Get all duplicate values from multiple list in Java


I want to get all values that has duplicate from multiple List of Integers. The confusing part is these list of Integers are inside a Map of Map like this LinkedHashMap<String, LinkedHashMap<String, List>> streams

// sample value
{
    break_desc100=
    {
        bDesc_1000=[62, 72, 82, 92, 102, 112, 122], 
        bDesc 1001=[180, 190, 200, 210, 220, 230, 240], 
        cMessage_1000=[112], 
        cMessage_1001=[232]
    }
}
// for this one I want to get 112

So far I tried using retainAll but my code doesn't work if the list with duplicate are not next to each other.

for (Map.Entry<String,LinkedHashMap<String,List<Integer>>> entry : streams.entrySet()) {
     String currentStream = entry.getKey();
     LinkedHashMap<String,List<Integer>> bDescList = entry.getValue();
     for (Map.Entry<String,List<Integer>> bDesc : bDescList.entrySet()) {
          if (firstIteration) {
              prevBDesc = bDesc;
              firstIteration = false;
          } else {
              List<Integer> currentList = prevBDesc.getValue();
              List<Integer> nextList = bDesc.getValue();
              duplicates = new ArrayList<Integer>(currentList);
              duplicates.retainAll(nextList);
              allDuplicates.addAll(duplicates); //Set<Integer>
              prevBDesc = bDesc;
          }
     }
}

EDIT: Sorry guys I forgot to add that it is running on Java 1.5.


Solution

  • This seems like a suitable task for streams:

    Map<Integer, Long> counts = streams.values().stream()
           .flatMap(bDescList -> bDescList.values().stream())
           .flatMap(nextList -> nextList.stream())
           .collect(Collectors.groupingBy(
                    Function.identity(), 
                    Collectors.counting()));
    
    counts.values().removeIf(c -> c == 1L);
    
    Set<Integer> duplicates = counts.keySet();
    

    This code first creates a map of counts. For this, it first streams the values of the outer map and then uses Stream.flatMap to create a new stream with the values of all the inner maps. As these values are actually lists, we need to use Stream.flatMap again, to finally get a stream of Integer. (I've kept the variable names from your question).

    We collect to a map of counts, where the keys are the numbers from all the inner maps' list values, and the values are the counts for each one of these numbers, accross all maps and lists.

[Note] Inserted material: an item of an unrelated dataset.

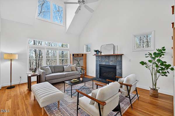 Escape to this peaceful retreat surrounded by native plants and songbirds. Set on 2.6 acres, this 2,459 sq. ft. home offers the perfect blend of privacy and convenience-just 1.5 miles from I-40/85. The primary bedroom is conveniently located on the main level, with spacious secondary bedrooms upstairs. The main level also includes a handy laundry room and a central vacuum system for easy living. Enjoy an open floor plan with hardwood flooring throughout the main level. The living room and kitchen flow seamlessly-ideal for entertaining. Step outside to a large screened-in porch and open deck where you can unwind and take in the peaceful surroundings. The fenced yard provides room to play, garden, or simply relax. This one's a rare find!

    Then, we remove all entries from the counts map that have a value of 1. The remaining keys are the duplicate numbers.

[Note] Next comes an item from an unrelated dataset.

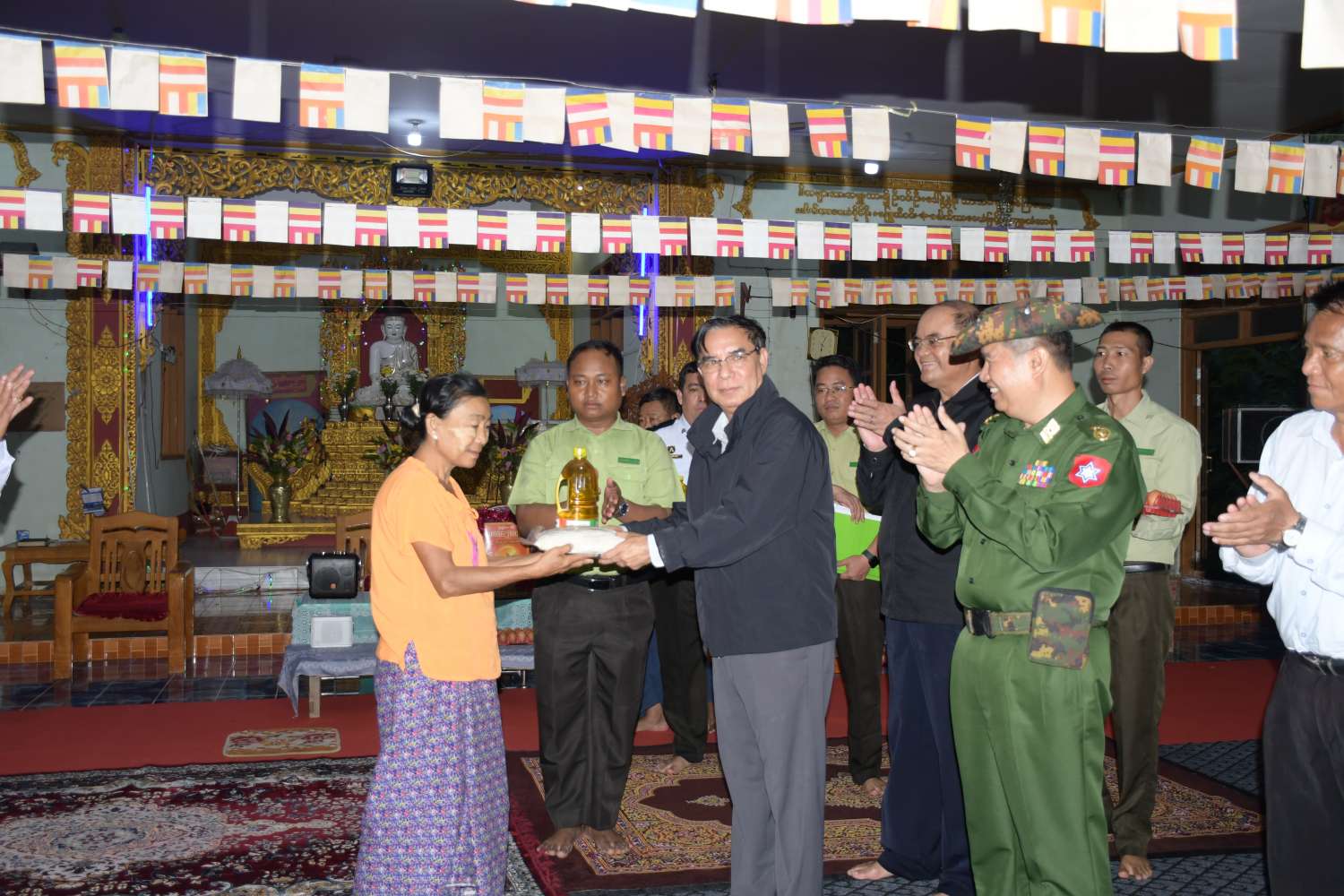 ထို့နောက် တောင်ငူဒေသခံစီးပွားရေးလုပ်ငန်းရှင်များ၊ အသင်းအဖွဲ့များနှင့် ဒေသခံပြည်သူများက ငွေကျပ်သိန်း (၄၆၂)သိန်းကို ပေးအပ်လှူဒါန်းရာ ပဲခူးတိုင်းဒေသကြီးအစိုးရအဖွဲ့ ဝန်ကြီးချုပ် ဦးမျိုးဆွေဝင်း၊တောင်ပိုင်းတိုင်းစစ်ဌာနချုပ် တိုင်းမှူးဗိုလ်ချုပ်ကြည်သိုက်နှင့် တိုင်းဒေသကြီး အစိုးရအဖွဲ့ဝင်များက လက်ခံ၍ ဂုဏ်ပြုမှတ်တမ်းလွှာများ ပြန်လည်ပေးအပ်သည်။

    EDIT: Here's the equivalent code in Java 5... 😨😨😨

    Map<Integer, Long> counts = new HashMap<Integer, Long>();
    
    for (Map<String, List<Integer>> bDescList : streams.values()) {
        for (List<Integer> bDesc : bDescList.values()) {
            for (Integer n : bDesc) {
                Long c = counts.get(n);
                if (c == null) {
                    c = 0L;
                }
                counts.put(n, c + 1);
            }
        }
    }
    
    Iterator<Long> it = counts.values().iterator();
    while (it.hasNext()) {
        Long c = it.next();
        if (c == 1L) {
            it.remove();
        }
    }
    
    Set<Integer> duplicates = counts.keySet();
    

    The rationale is exactly the same here... We create a map of counts by iterating the map of maps of lists, then we remove entries with a count of 1 and the remaining keys are the duplicates.